### [Task goal]
Down to the final line, print the records below exactly and without pictures.

+++ Information shown

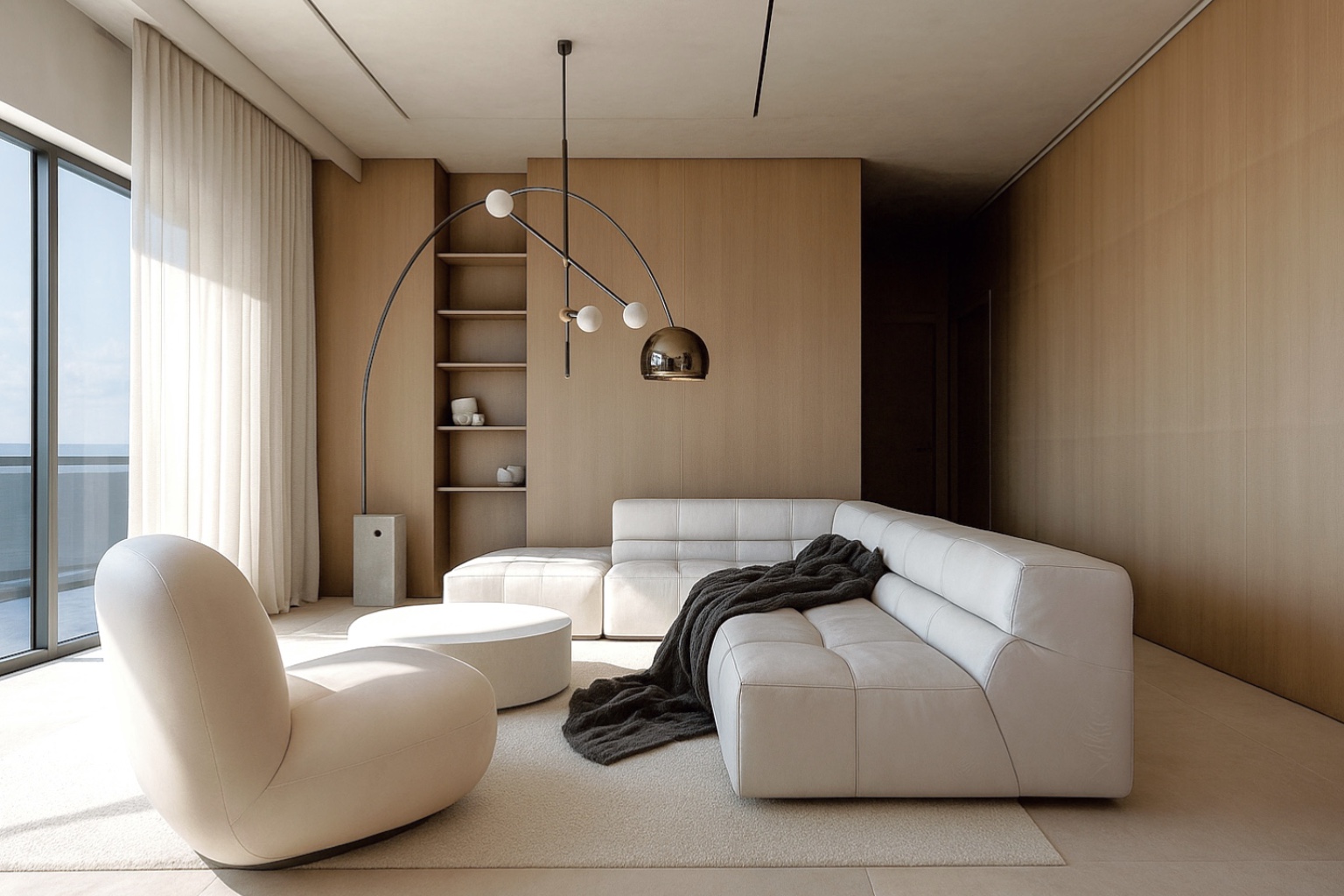 interior shot incorporate the grey element colours of the building and led perimeter lighting
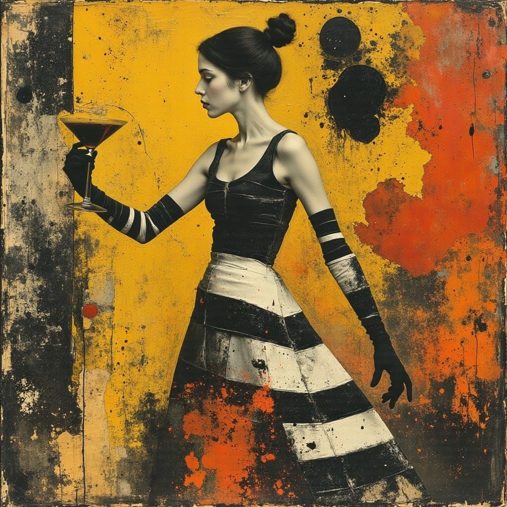 A vibrant image of a woman in a black and white dress holding an espresso martini. The scene blends elements of coffee, milk, and honey with warm, earthy tones in an impasto style.
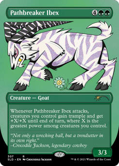 {T}: Add {C}. {X}{R}{G}, {T}: Target creature gets +X/+0 and gains trample until end of turn.
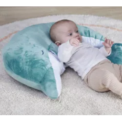 Desde os primeiros dias de vida do bebé, os pais podem utilizar o golfinho de peluche como apoio para segurar as costas e a cabeça do bebé quando este passa algum tempo no seu tapete de brincar. A forma do peluche foi concebida para envolver a criança numa suavidade calmante, mas também para se adaptar à forma arredondada da barriga da mãe, tornando-o um suporte ideal para alimentar o bebé.
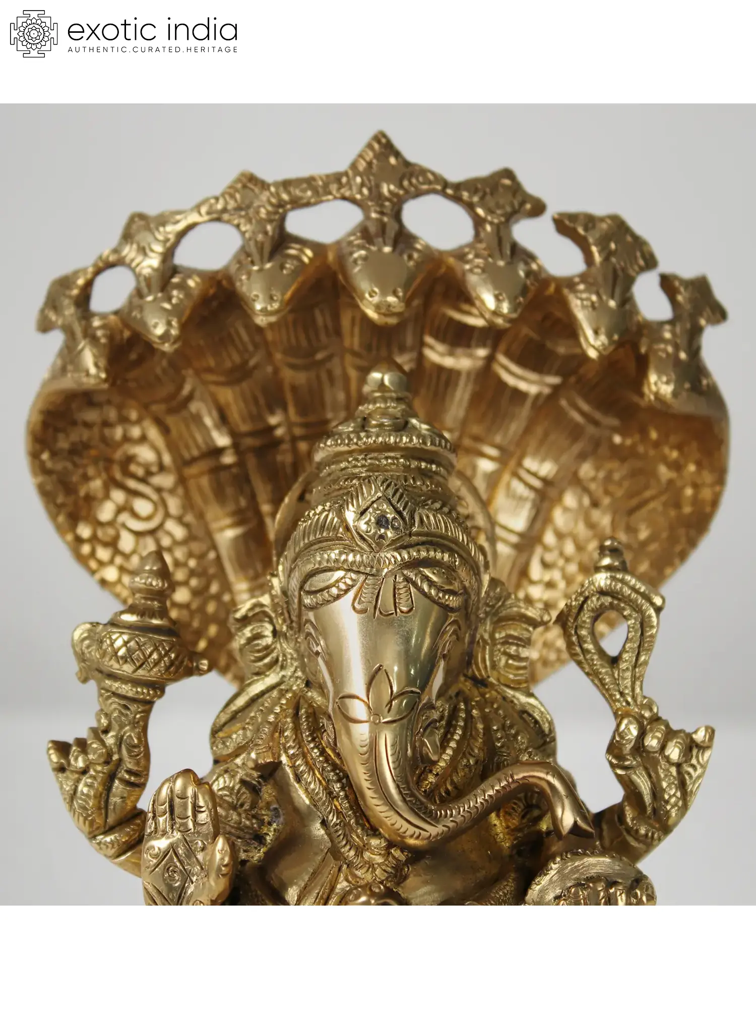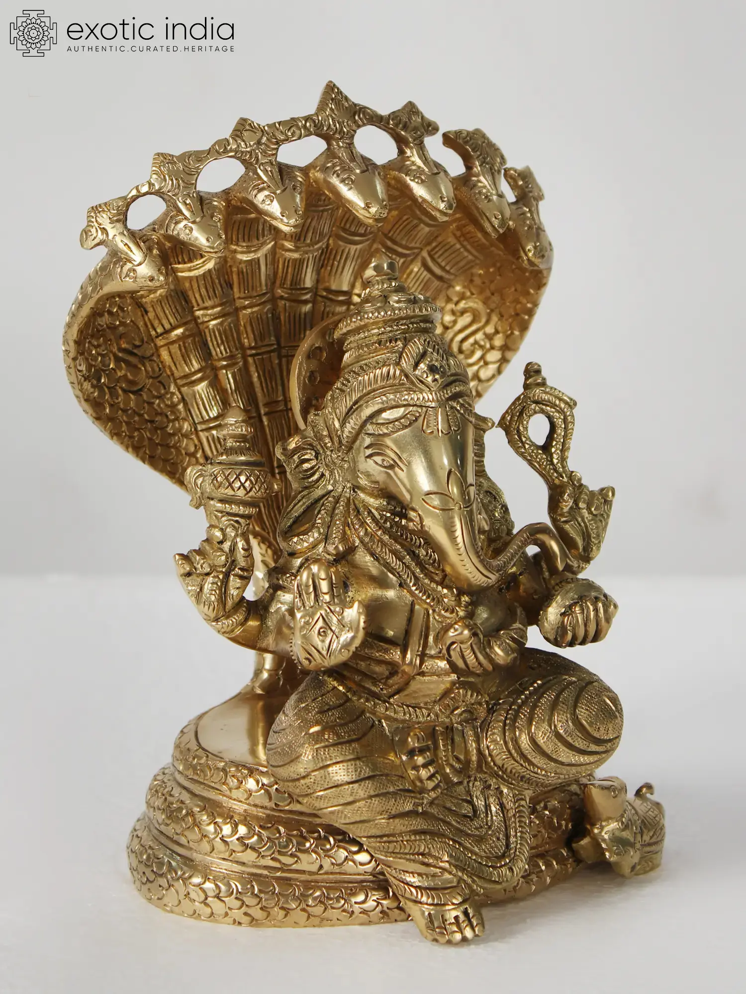 Behold the magnificent presence of Lord Ganesha, the remover of obstacles and the patron of beginnings, seated serenely upon the coils of Sheshnag, the king of all serpents. This exquisite brass sculpture captures a powerful and revered depiction of the elephant-headed deity, imbued with the ancient symbolism of cosmic energy and eternal time. Crafted with meticulous attention to detail, this piece is more than just an idol; it is a gateway to the divine, a testament to centuries of artistic tradition and spiritual devotion. The serpentine form of Sheshnag, believed to form the celestial bed of Lord Vishnu, represents the primordial waters and the endless cycle of creation, preservation, and dissolution. By resting upon Sheshnag, Ganesha signifies his mastery over these fundamental forces of the universe. The multi-headed cobra canopy above Ganesha is particularly significant. In Hindu mythology, Sheshnag is often depicted with a thousand heads, each capable of spewing venom and fire, yet here, they form a protective, majestic aura around the benevolent god. This imagery emphasizes Ganesha's inherent power and his ability to shield devotees from negativity and adversity.
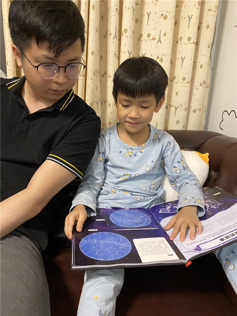 家庭藏书丰富,以少儿系列图书、名著、科普类书籍为主。家中读书氛围浓厚, 每天睡前保证30-60分钟的亲子共读,每周日去书店读书或图书馆借书。家庭活动间隙会听书,孩子在上小学前就已经听完了《西游记》、《三国演义》、《水浒传》、《故宫里的大怪兽》等书籍。
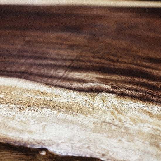 モンキーポッドの最大の特徴は、 中心の濃いブラウンと外側の明るい色味のコントラストです。 このグラデーションが自然に生まれることで、 一枚の中に豊かな表情が生まれます。 空間に置いたときのインパクトも大きく、 非常に人気の高い樹種です。
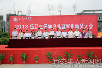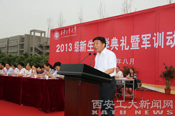 党办、校办主任王辉强主持典礼。教务处、学生处、团委等有关部门负责人,各学院院长、党委(总支)书记以及2013级5742名研究生、本科生新生参加。

++++++

### [Result of the task]
 interior shot incorporate the grey element colours of the building and led perimeter lighting
 A vibrant image of a woman in a black and white dress holding an espresso martini. The scene blends elements of coffee, milk, and honey with warm, earthy tones in an impasto style.
 {T}: Add {C}. {X}{R}{G}, {T}: Target creature gets +X/+0 and gains trample until end of turn.
 Desde os primeiros dias de vida do bebé, os pais podem utilizar o golfinho de peluche como apoio para segurar as costas e a cabeça do bebé quando este passa algum tempo no seu tapete de brincar. A forma do peluche foi concebida para envolver a criança numa suavidade calmante, mas também para se adaptar à forma arredondada da barriga da mãe, tornando-o um suporte ideal para alimentar o bebé.
 Behold the magnificent presence of Lord Ganesha, the remover of obstacles and the patron of beginnings, seated serenely upon the coils of Sheshnag, the king of all serpents. This exquisite brass sculpture captures a powerful and revered depiction of the elephant-headed deity, imbued with the ancient symbolism of cosmic energy and eternal time. Crafted with meticulous attention to detail, this piece is more than just an idol; it is a gateway to the divine, a testament to centuries of artistic tradition and spiritual devotion. The serpentine form of Sheshnag, believed to form the celestial bed of Lord Vishnu, represents the primordial waters and the endless cycle of creation, preservation, and dissolution. By resting upon Sheshnag, Ganesha signifies his mastery over these fundamental forces of the universe. The multi-headed cobra canopy above Ganesha is particularly significant. In Hindu mythology, Sheshnag is often depicted with a thousand heads, each capable of spewing venom and fire, yet here, they form a protective, majestic aura around the benevolent god. This imagery emphasizes Ganesha's inherent power and his ability to shield devotees from negativity and adversity.
 家庭藏书丰富,以少儿系列图书、名著、科普类书籍为主。家中读书氛围浓厚, 每天睡前保证30-60分钟的亲子共读,每周日去书店读书或图书馆借书。家庭活动间隙会听书,孩子在上小学前就已经听完了《西游记》、《三国演义》、《水浒传》、《故宫里的大怪兽》等书籍。
 モンキーポッドの最大の特徴は、 中心の濃いブラウンと外側の明るい色味のコントラストです。 このグラデーションが自然に生まれることで、 一枚の中に豊かな表情が生まれます。 空間に置いたときのインパクトも大きく、 非常に人気の高い樹種です。
 党办、校办主任王辉强主持典礼。教务处、学生处、团委等有关部门负责人,各学院院长、党委(总支)书记以及2013级5742名研究生、本科生新生参加。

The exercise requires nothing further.